Le médecin m’appelle par mon prénom. Il me tutoie. Il plaisante. L’infirmière joue le jeu. Ils réussissent même à me faire sourire.
On m’installe dans l’ambulance. Juste avant de partir, le médecin se penche vers moi.
— Gilles, on va faire plaisir au gendarme. On va le laisser faire son truc. Ça va durer deux secondes. Et puis, je te le promets, on y va.
Je souffle difficilement dans un embout. La portière se referme. L’ambulance démarre.
Le trajet est étonnamment calme. La sirène ne retentit qu’aux intersections. Je suis épuisé. J’ai envie de dormir, mais je lutte contre le sommeil. Le médecin me dit que je peux me laisser aller, qu’il me surveille. Pourtant, je reste éveillé. Je veux profiter de ce calme fragile, après l’agitation.
À l’approche de l’hôpital, la sirène se met à hurler sans interruption. L’ambulance s’arrête. Les portes s’ouvrent. L’agitation revient d’un coup. Beaucoup de monde. Des voix. Des pas rapides. Je vois des poches de sang.
J’entends :
— O négatif.
— Parfait.
— Quels sont les chirurgiens ?
La réponse m’est inaudible.
Mais le médecin me regarde.
— Gilles, tu as beaucoup de chance.
On me transporte rapidement dans les couloirs. On me pose des questions. J’entends mes réponses, mais j’ai l’impression que ce n’est plus vraiment moi qui parle. Quelque chose a changé. Je suis là, mais à distance.
Dans le scanner, on me demande si je ressens une sensation de chaleur. Je réponds oui. En réalité, je ne ressens presque plus rien.
Au bloc opératoire, un chirurgien s’approche.
— Ça va être long. On va tout faire pour vous sortir de là, mais ça va être très long.
Puis il n’y a plus rien. Le noir. J’étais parti.
Plus tard, bien plus tard, j’apprendrai que mon cœur a lâché. Que mon corps manquait de sang. Qu’on a dû me réanimer avant même de pouvoir m’opérer. Que l’intervention a duré des heures. Mais je ne sais rien de tout cela à ce moment-là.
Mon premier souvenir, c’est la réanimation.

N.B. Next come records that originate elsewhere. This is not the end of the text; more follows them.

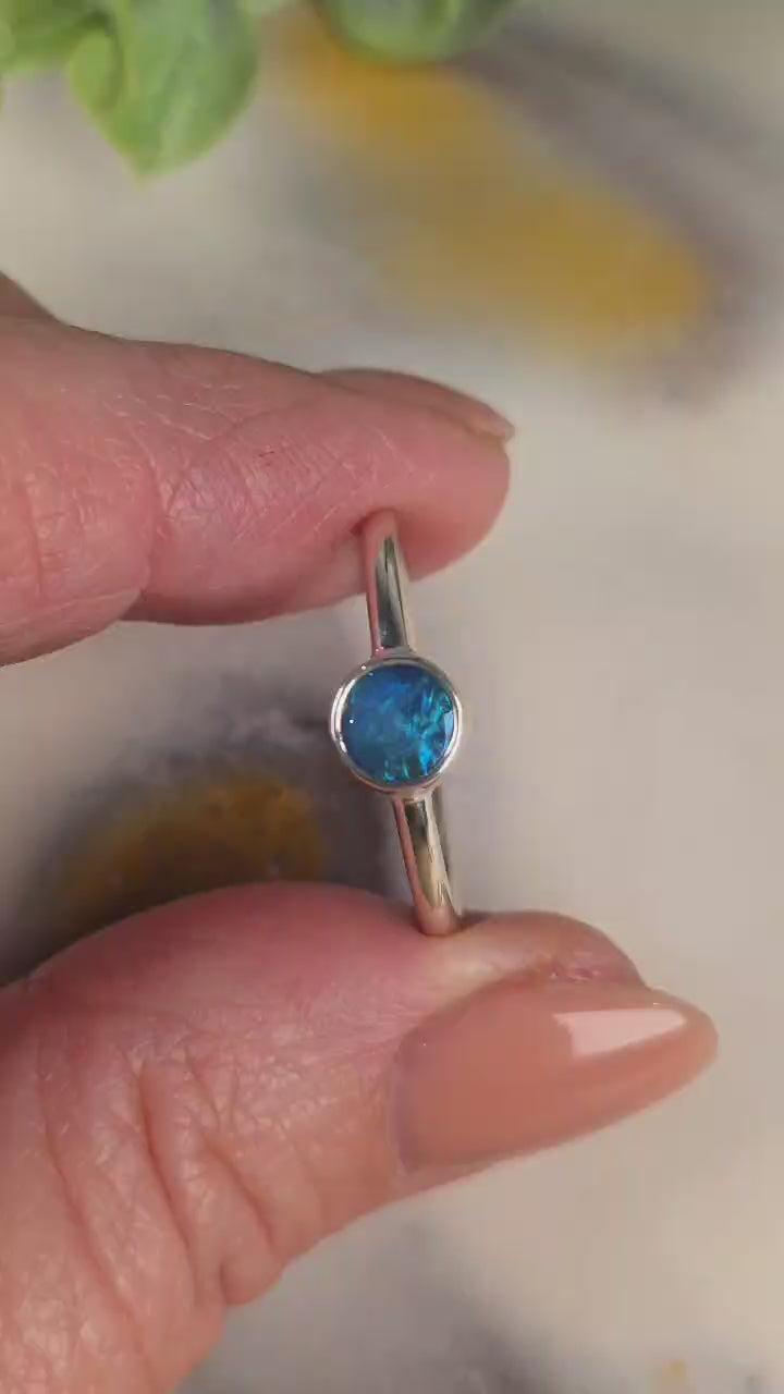 Refined and radiant, this Round Cut Coober Pedy Doublet Opal Ring showcases the best of Australian opal in a timeless silhouette. Expertly handcrafted in South Australia, the vibrant opal is securely set in a minimalist full bezel of Palladium Silver, offering both beauty and everyday wearability.
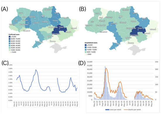 A total of 712,072 confirmed cases of COVID-19 were reported in Ukraine during May 2022–March 2024. Among others, the Dnipropetrovsk oblast reported the highest number of cases at 73,291 (10.3% of the total), followed by Kyiv city with 54,838 cases (7.7%) (Figure 5A), which is consistent with the current dense population in these areas. Central and northern regions, such as Kyiv and Zhytomyr oblasts, reported moderate numbers, with 36,288 cases (5.1%) and 36,050 cases (5.1%), respectively. In contrast, frontline regions like Luhansk, Kherson, and Donetsk oblasts reported substantially fewer confirmed cases due to war-related disruptions. The Luhansk oblast recorded only 3 cases (0.0%), while Kherson and Donetsk oblasts reported 1917 cases (0.3%) and 14,511 cases (2.0%), respectively. Due to the Russian occupation, no health records were submitted to Ukraine from the Luhansk oblast after February 2022. Western oblasts such as Lviv and Khmelnytskyi reported 34,083 cases (4.8%) and 44,406 cases (6.2%), respectively, reflecting the impact of internally displaced populations and comparatively more stable healthcare systems (Figure 5A).
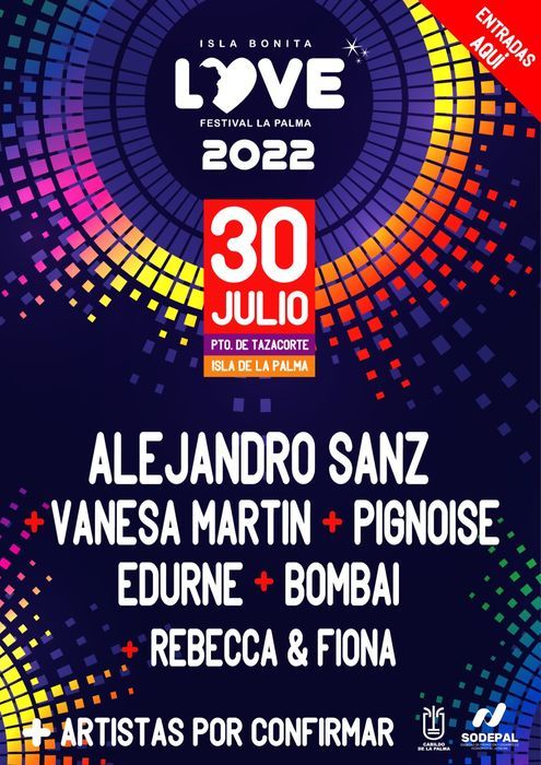 Zum diesjährigen Love- Festival, das am 30. Juli in Puerto de Tazacorte auf La Palma steigen wird, haben weitere bekannte Künstler zugesagt. Vor dem Wochenende bestätigten Alejandro Sanz, Vanesa Martín, Pignoise und die schwedischen DJs Rebecca und Fiona ihre Teilnahme. Karten für das Festival gibt es über tomaticket.es oder bei El Corte Inglés.
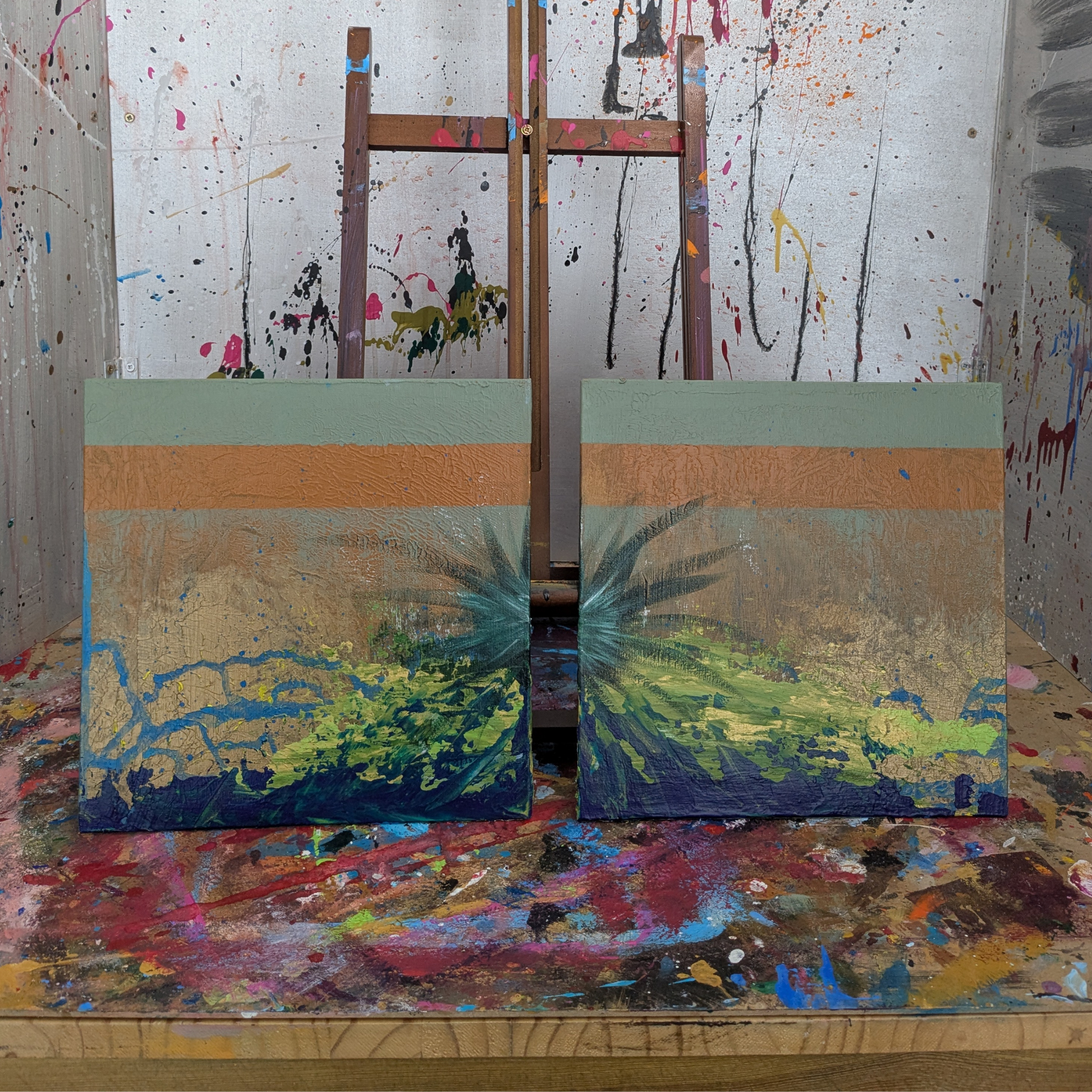 Volcan vert - Diptyque peintures acryliques originales 25x25cm (2025)

Je ne peux pas bouger. Des machines m’entourent. Des bips réguliers remplissent l’espace. Mon épouse est là. Mon fils aussi. Ils sont debout, au pied du lit.
À cet instant précis, je comprends.
Oui, je suis vivant.
Mais plus rien ne sera comme avant.
À part les secondes de l’accident lui-même, tout ce qui a suivi a été une suite de gestes justes. Rien n’était gagné, mais rien n’a été raté. Des routiers qui ont bloqué la route. Une infirmière qui a pris ma main. Des pompiers, des gendarmes, une équipe médicale qui ont fait exactement ce qu’il fallait, au bon moment.
Je n’ai pas survécu par miracle.
J’ai survécu parce que des femmes et des hommes ont fait leur travail avec compétence, humanité et sang-froid.
À cet instant, je ne le savais pas encore.
Je découvrirais plus tard ce que mon corps avait traversé.